There are further options that can be used to modify the default behaviour for printed outputs:

  • parameters_labels: options(parameters_labels = TRUE) will use variable and value labels for pretty names, if data is labelled. If no labels available, default pretty names are used.

  • parameters_interaction: options(parameters_interaction = <character>) will replace the interaction mark (by default, *) with the related character.

  • parameters_select: options(parameters_select = <value>) will set the default for the select argument. See argument's documentation for available options.

  • easystats_table_width: options(easystats_table_width = <value>) will set the default width for tables in text-format, i.e. for most of the outputs printed to console. If not specified, tables will be adjusted to the current available width, e.g. of the of the console (or any other source for textual output, like markdown files). The argument table_width can also be used in most print() methods to specify the table width as desired.

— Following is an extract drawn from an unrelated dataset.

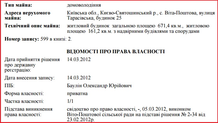До речі, повному тезці сина Бауліна, Олександру Юрійовичу, належить величезний будинок під Києвом, площею 671,4м². Щоправда, будинок не добудований, але масштаби вже зараз вражають. На жаль, підтвердити цю інформацію ми не можемо, проте і спростувати також.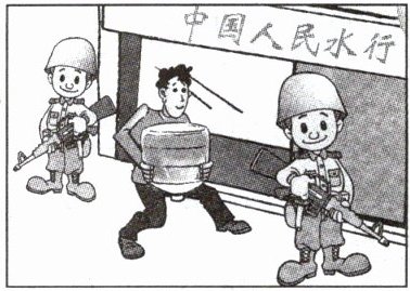 小朋友,请你仔细看看旁边的这幅漫画,什么时候出现“中国人民水行”了?难道水也需要“存”起来?说说漫画表达的意思和你的想法吧。

  • easystats_html_engine: options(easystats_html_engine = "gt") will set the default HTML engine for tables to gt, i.e. the gt package is used to create HTML tables. If set to tt, the tinytable package is used.

  • insight_use_symbols: options(insight_use_symbols = TRUE) will try to print unicode-chars for symbols as column names, wherever possible (e.g., ω instead of Omega).

References

  • Amrhein, V., Korner-Nievergelt, F., and Roth, T. (2017). The earth is flat (p > 0.05): Significance thresholds and the crisis of unreplicable research. PeerJ, 5, e3544. doi:10.7717/peerj.3544

  • Greenland S, Rafi Z, Matthews R, Higgs M. To Aid Scientific Inference, Emphasize Unconditional Compatibility Descriptions of Statistics. (2022) https://arxiv.org/abs/1909.08583v7 (Accessed November 10, 2022)

  • Hoffman, L. (2015). Longitudinal analysis: Modeling within-person fluctuation and change. Routledge.

  • Lakens, D. (2024). Improving Your Statistical Inferences (Version v1.5.1). Retrieved from https://lakens.github.io/statistical_inferences/. doi:10.5281/ZENODO.6409077

  • Lakens, D., Scheel, A. M., and Isager, P. M. (2018). Equivalence Testing for Psychological Research: A Tutorial. Advances in Methods and Practices in Psychological Science, 1(2), 259–269. doi:10.1177/2515245918770963

  • Makowski, D., Ben-Shachar, M. S., Chen, S. H. A., and Lüdecke, D. (2019). Indices of Effect Existence and Significance in the Bayesian Framework. Frontiers in Psychology, 10, 2767. doi:10.3389/fpsyg.2019.02767

  • Neter, J., Wasserman, W., and Kutner, M. H. (1989). Applied linear regression models.

  • Rafi Z, Greenland S. Semantic and cognitive tools to aid statistical science: replace confidence and significance by compatibility and surprise. BMC Medical Research Methodology (2020) 20:244.

  • Schweder T. Confidence is epistemic probability for empirical science. Journal of Statistical Planning and Inference (2018) 195:116–125. doi:10.1016/j.jspi.2017.09.016

  • Schweder T, Hjort NL. Frequentist analogues of priors and posteriors. In Stigum, B. (ed.), Econometrics and the Philosophy of Economics: Theory Data Confrontation in Economics, pp. 285-217. Princeton University Press, Princeton, NJ, 2003

  • Vos P, Holbert D. Frequentist statistical inference without repeated sampling. Synthese 200, 89 (2022). doi:10.1007/s11229-022-03560-x

See also

insight::standardize_names() to rename columns into a consistent, standardized naming scheme.